Materials provided:
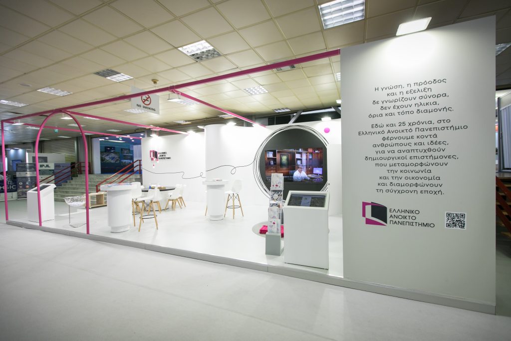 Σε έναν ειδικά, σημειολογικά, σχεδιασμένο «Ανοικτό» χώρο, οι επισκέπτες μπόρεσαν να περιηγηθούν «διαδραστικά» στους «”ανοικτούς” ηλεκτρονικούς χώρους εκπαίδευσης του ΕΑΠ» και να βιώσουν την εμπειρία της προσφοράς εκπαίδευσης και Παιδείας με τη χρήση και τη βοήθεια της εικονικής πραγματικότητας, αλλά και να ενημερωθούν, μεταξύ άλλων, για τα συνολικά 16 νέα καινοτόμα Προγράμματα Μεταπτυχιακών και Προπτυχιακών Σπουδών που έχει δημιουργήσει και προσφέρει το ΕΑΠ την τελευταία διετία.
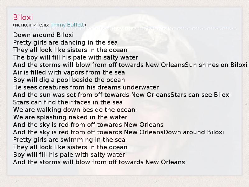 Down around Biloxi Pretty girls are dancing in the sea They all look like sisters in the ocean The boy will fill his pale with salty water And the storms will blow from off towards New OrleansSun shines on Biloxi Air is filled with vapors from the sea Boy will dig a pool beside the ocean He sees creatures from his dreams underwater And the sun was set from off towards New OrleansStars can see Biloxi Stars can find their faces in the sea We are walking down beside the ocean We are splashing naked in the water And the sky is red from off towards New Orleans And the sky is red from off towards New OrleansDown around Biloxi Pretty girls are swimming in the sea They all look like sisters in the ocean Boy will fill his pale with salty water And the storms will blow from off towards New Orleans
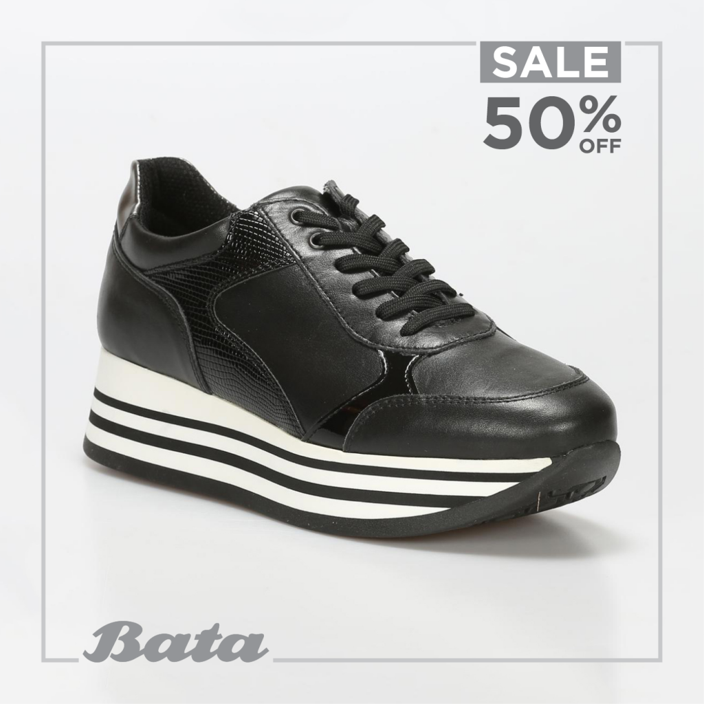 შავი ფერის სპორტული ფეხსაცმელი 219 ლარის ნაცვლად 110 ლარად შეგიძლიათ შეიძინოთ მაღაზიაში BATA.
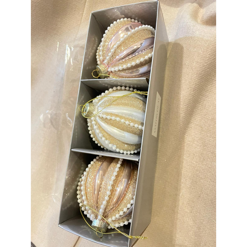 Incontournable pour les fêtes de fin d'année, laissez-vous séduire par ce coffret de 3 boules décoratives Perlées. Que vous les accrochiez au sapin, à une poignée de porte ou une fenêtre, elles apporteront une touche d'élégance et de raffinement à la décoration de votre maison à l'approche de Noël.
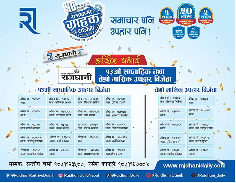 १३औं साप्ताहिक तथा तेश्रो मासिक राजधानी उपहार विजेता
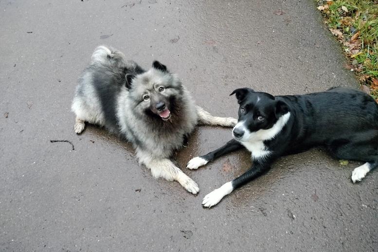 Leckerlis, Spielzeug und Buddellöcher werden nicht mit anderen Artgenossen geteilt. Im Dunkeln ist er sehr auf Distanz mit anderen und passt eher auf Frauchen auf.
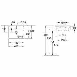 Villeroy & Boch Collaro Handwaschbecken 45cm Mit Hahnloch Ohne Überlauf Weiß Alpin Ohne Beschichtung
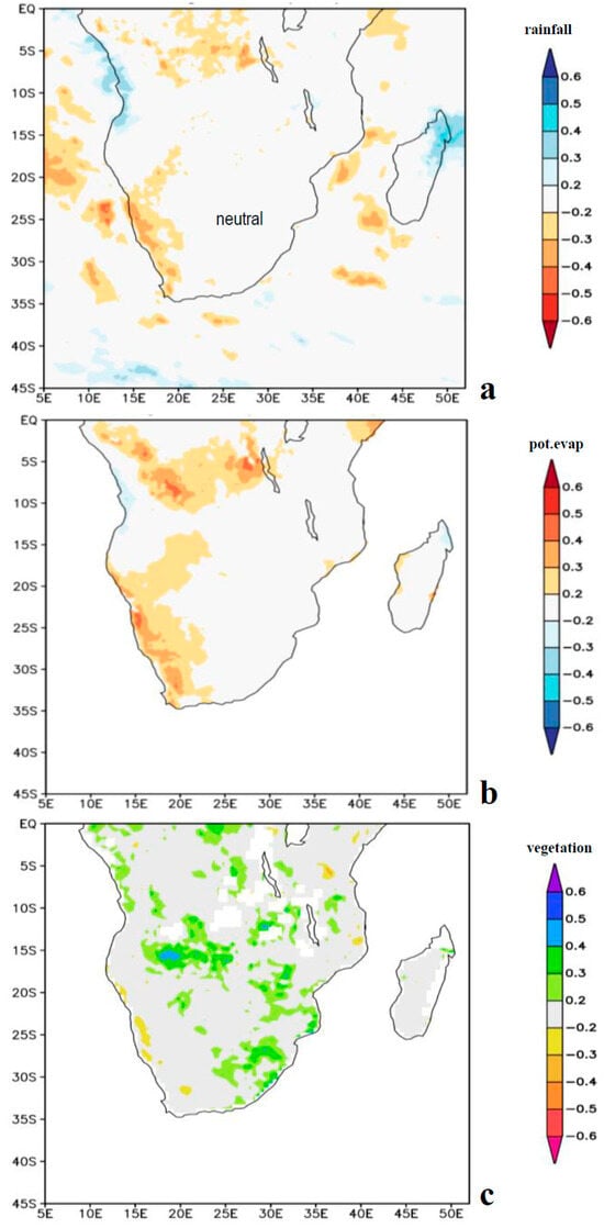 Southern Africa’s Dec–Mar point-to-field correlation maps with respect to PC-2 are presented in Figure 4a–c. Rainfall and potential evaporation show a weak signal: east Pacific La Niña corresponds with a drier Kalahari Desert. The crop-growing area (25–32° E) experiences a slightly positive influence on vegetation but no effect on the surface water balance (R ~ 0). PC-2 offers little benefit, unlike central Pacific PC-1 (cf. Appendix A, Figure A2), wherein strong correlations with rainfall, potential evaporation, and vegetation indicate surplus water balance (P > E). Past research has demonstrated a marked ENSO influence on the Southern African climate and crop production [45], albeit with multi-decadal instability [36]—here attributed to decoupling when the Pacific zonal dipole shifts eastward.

Exercise requirements:
Each line between the one holding "შავი ფერის სპორტული" and the one holding "Villeroy & Boch", inclusive, should be copied exactly as it appears above, and pictures should be omitted.

Reply to the task:
 შავი ფერის სპორტული ფეხსაცმელი 219 ლარის ნაცვლად 110 ლარად შეგიძლიათ შეიძინოთ მაღაზიაში BATA.
 Incontournable pour les fêtes de fin d'année, laissez-vous séduire par ce coffret de 3 boules décoratives Perlées. Que vous les accrochiez au sapin, à une poignée de porte ou une fenêtre, elles apporteront une touche d'élégance et de raffinement à la décoration de votre maison à l'approche de Noël.
 १३औं साप्ताहिक तथा तेश्रो मासिक राजधानी उपहार विजेता
 Leckerlis, Spielzeug und Buddellöcher werden nicht mit anderen Artgenossen geteilt. Im Dunkeln ist er sehr auf Distanz mit anderen und passt eher auf Frauchen auf.
 Villeroy & Boch Collaro Handwaschbecken 45cm Mit Hahnloch Ohne Überlauf Weiß Alpin Ohne Beschichtung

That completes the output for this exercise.